Task description: Copy task for the material below: print the line with "Xankəndi şəhərində, Ağdərə" and every line after it to the end, exactly as written, without the pictures.

Provided data START

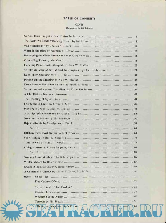 Year: 1966 Language: english Author: Sindle H. Publisher: Yachting Publishing Corporation Format: PDF Quality: Scanned pages Pages count: 100 Description: Originally published in Yachting during the past few years, these articles written by experienced boatmen have been selected with the following in mind: that they be discursive and touch on the various aspects of power boating, and their value be enduring and practical. It is a sampling, at best, from selected pages of Yachting. It is hoped that our ranging from the "nuts-and-bolts" type article to factual (and perhaps more glamorous) cruising stories will give the reader continuing satisfaction.
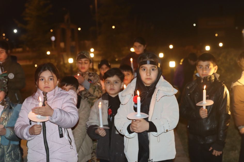 Xankəndi şəhərində, Ağdərə və Xocalı rayonlarında Bərpa, Tikinti və İdarəetmə Xidmətinin ictimaiyyətlə əlaqələr şöbəsindən AZƏRTAC-ın bölgə müxbirinə bildirilib ki, Xocalı şəhər 1 nömrəli tam orta məktəbin şagirdlərinin iştirakı ilə baş tutan anım aksiyası zamanı faciə qurbanları yad edilib, soyqırımı zamanı həyatını itirmiş 63 uşağın xatirəsinə 63 şam yandırılıb. Şagirdlər əllərində şam heç vaxt böyüməyən 63 uşağın adını səsləndirərək, onları doğma torpaqda – Xocalıda anıblar.
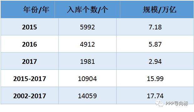 表1:2002年-2017年我国PPP入库项目统计表

Provided data END

Exercise response:
 Xankəndi şəhərində, Ağdərə və Xocalı rayonlarında Bərpa, Tikinti və İdarəetmə Xidmətinin ictimaiyyətlə əlaqələr şöbəsindən AZƏRTAC-ın bölgə müxbirinə bildirilib ki, Xocalı şəhər 1 nömrəli tam orta məktəbin şagirdlərinin iştirakı ilə baş tutan anım aksiyası zamanı faciə qurbanları yad edilib, soyqırımı zamanı həyatını itirmiş 63 uşağın xatirəsinə 63 şam yandırılıb. Şagirdlər əllərində şam heç vaxt böyüməyən 63 uşağın adını səsləndirərək, onları doğma torpaqda – Xocalıda anıblar.
 表1:2002年-2017年我国PPP入库项目统计表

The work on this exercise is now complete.